** Problem description **
Restate all of the following data exactly, keeping any images out of the copy.

:: Dataset extract

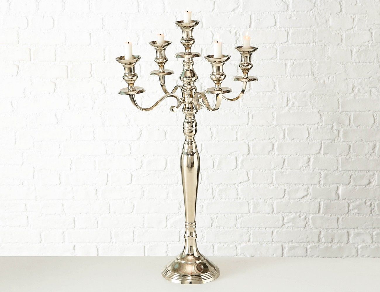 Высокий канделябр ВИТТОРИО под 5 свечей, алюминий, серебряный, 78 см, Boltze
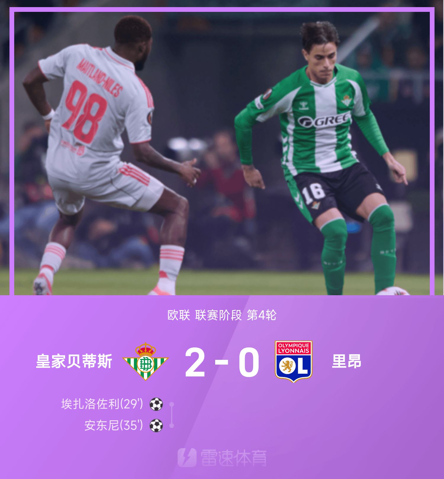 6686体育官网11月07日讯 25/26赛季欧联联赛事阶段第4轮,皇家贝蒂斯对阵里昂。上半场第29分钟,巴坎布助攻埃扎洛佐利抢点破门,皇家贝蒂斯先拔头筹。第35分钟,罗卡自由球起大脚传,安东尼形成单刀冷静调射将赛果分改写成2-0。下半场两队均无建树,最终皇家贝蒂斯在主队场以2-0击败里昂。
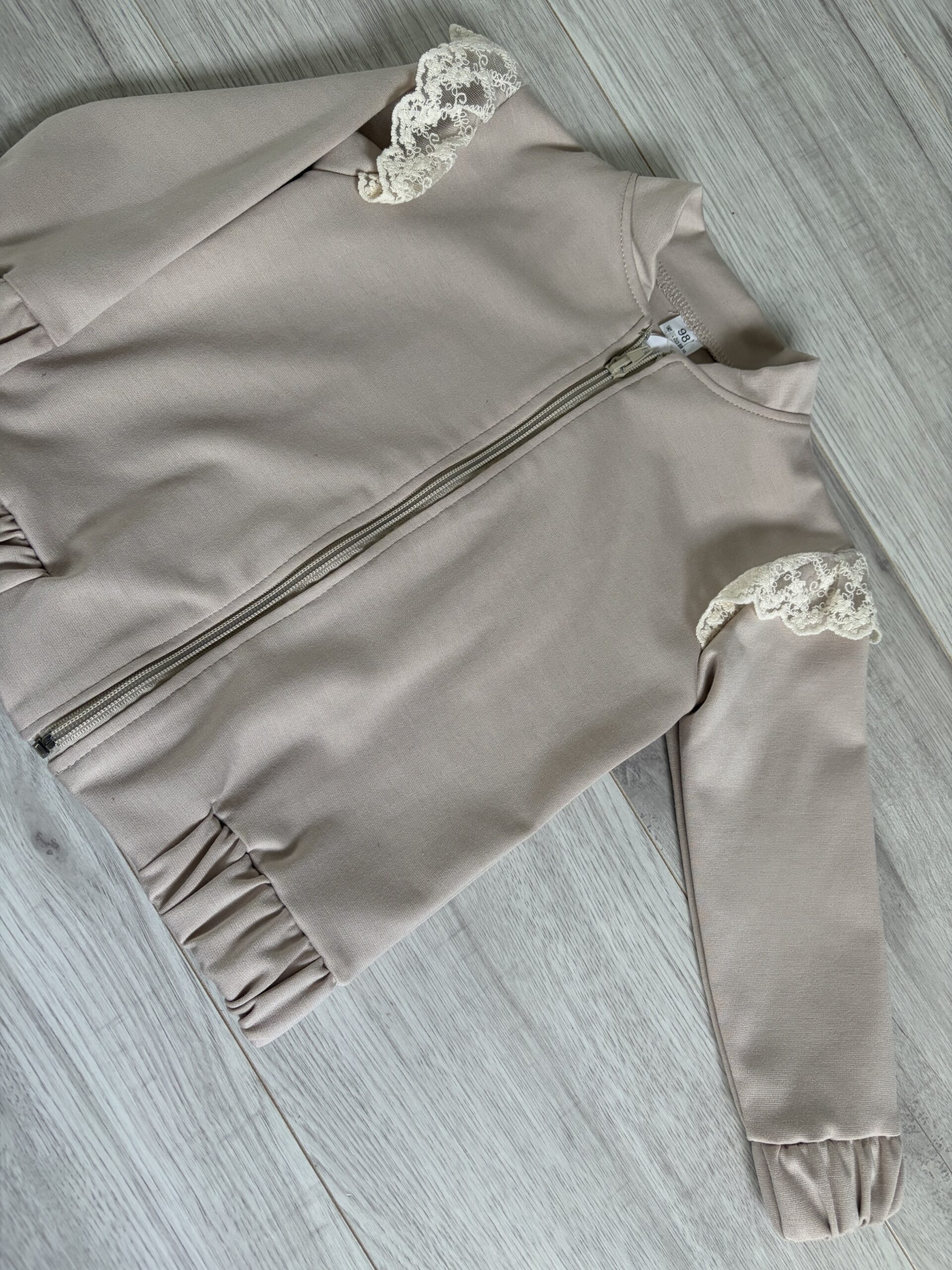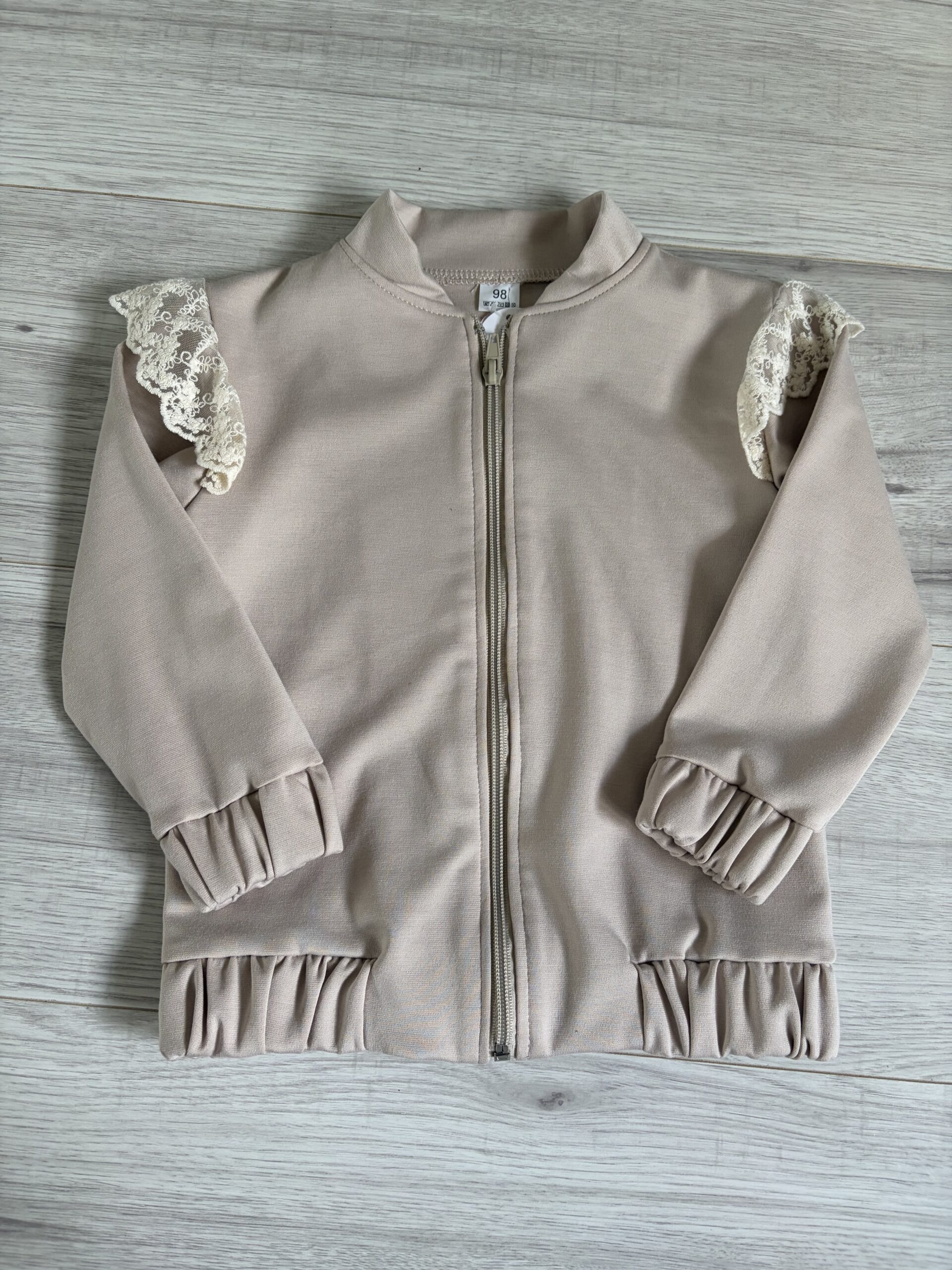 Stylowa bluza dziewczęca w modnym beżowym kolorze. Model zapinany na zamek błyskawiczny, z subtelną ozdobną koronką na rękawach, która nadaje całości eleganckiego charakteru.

::::

** Solution to this problem **
 Высокий канделябр ВИТТОРИО под 5 свечей, алюминий, серебряный, 78 см, Boltze
 6686体育官网11月07日讯 25/26赛季欧联联赛事阶段第4轮,皇家贝蒂斯对阵里昂。上半场第29分钟,巴坎布助攻埃扎洛佐利抢点破门,皇家贝蒂斯先拔头筹。第35分钟,罗卡自由球起大脚传,安东尼形成单刀冷静调射将赛果分改写成2-0。下半场两队均无建树,最终皇家贝蒂斯在主队场以2-0击败里昂。
 Stylowa bluza dziewczęca w modnym beżowym kolorze. Model zapinany na zamek błyskawiczny, z subtelną ozdobną koronką na rękawach, która nadaje całości eleganckiego charakteru.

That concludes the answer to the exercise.